BUSINESSWEEK ONLINE : AUGUST 30, 1999 ISSUE
NEWS: ANALYSIS & COMMENTARY

What Will AT&T Do with Excite@Home?
Keep the pipelines, sure. But the content raises problems

If you're puzzled about what AT&T (T) plans to do with Excite@Home Corp. (ATHM), you're not alone. AT&T is wondering, too.

Excite@Home, in which AT&T holds a 58% voting stake, is the much-ballyhooed company responsible for rolling out speedy Internet access over the cable networks of companies including Tele-Communications Inc., which AT&T acquired earlier this year. But Excite, an Internet portal, and @Home, the company that will bring you cable Net access, were once separate companies. AT&T is pondering whether that should be the case again.

Inside AT&T there's a high-stakes debate going on about the future of Excite@Home. Why? Because AT&T CEO C. Michael Armstrong thinks that offering only Excite's content could hurt his ability to recoup his $110 billion investment in TCI and his other cable property, MediaOne Group. Perhaps, he reckons, AT&T could do better striking deals with mega content providers, such as Yahoo! (YHOO) and America Online (AOL). An additional benefit: Armstrong might also skirt regulatory control over broadband service by providing his own form of open access.

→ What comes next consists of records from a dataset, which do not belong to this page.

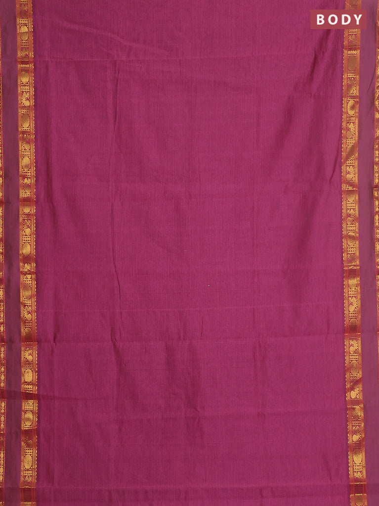 10 yards Poly cotton saree magenta pink and green with plain body and zari woven border
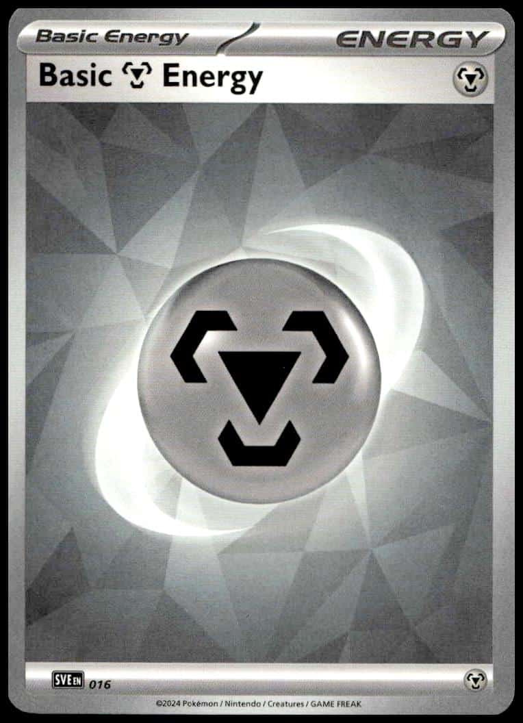 This Pokémon card, from 2025 is part of the Pokémon Scarlet & Violet: Prismatic Evolutions card set. Basic Metal Energy is featured and has a card number of 016.
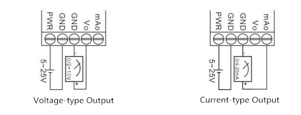 5. Voltage-type output load impedance requirements ≥2KΩ, current-type output impedance requirements ≤500Ω.
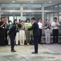 木幡浩市長が任期満了に伴い退任されました。中核市への移行や新型コロナウイルス感染症対策、そして業務改革等に尽力頂き、感謝の意を込めて花束が贈呈されました。

DISCONNECT. Already, there are reports that suggest possible outcomes: Business Week Online reported portal Yahoo! Inc. has held discussions to acquire Excite@Home. If that were to happen, some sources indicate that Yahoo! might keep Excite, and AT&T could either retain control of @Home or @Home might be spun off. Separately, AT&T confirmed it held talks with AOL, although the kind of deal discussed was not spelled out. AT&T insiders say an overhaul in Excite@Home's strategic plan is likely. And even outsiders see the need. ''There's a disconnect between what Excite@Home's management is pursuing and what AT&T wants,'' says John H. Corcoran, an analyst at Stephens Inc.

What Excite@Home CEO Thomas Jermoluk wants is to build Excite@Home into a content company that could offer customers virtually everything they need online. Jermoluk cut the deal to buy Excite because he understands that a company that combines Net access and content, like AOL, is more valuable than two separate operations. Jermoluk has a key supporter: L. John Doerr, who sits on Excite@Home's board and whose venture firm, Kleiner Perkins Caulfied & Byers, holds a major stake.

What's best for Excite@Home isn't necessarily best for AT&T. Armstrong wants to offer a broad variety of content. With what he calls an ''open-portal interface,'' an @Home subscriber would get an opening screen with six to ten content providers to choose from. That would roll out its Net service much faster than if the task were left to Excite@Home alone. There are two major hurdles. Excite@Home now has an exclusive contract to market broadband service on AT&T's cable network through 2002. And to sell Excite@Home, AT&T needs approval from now reluctant partners, Cox Communications, Comcast, and Kleiner Perkins.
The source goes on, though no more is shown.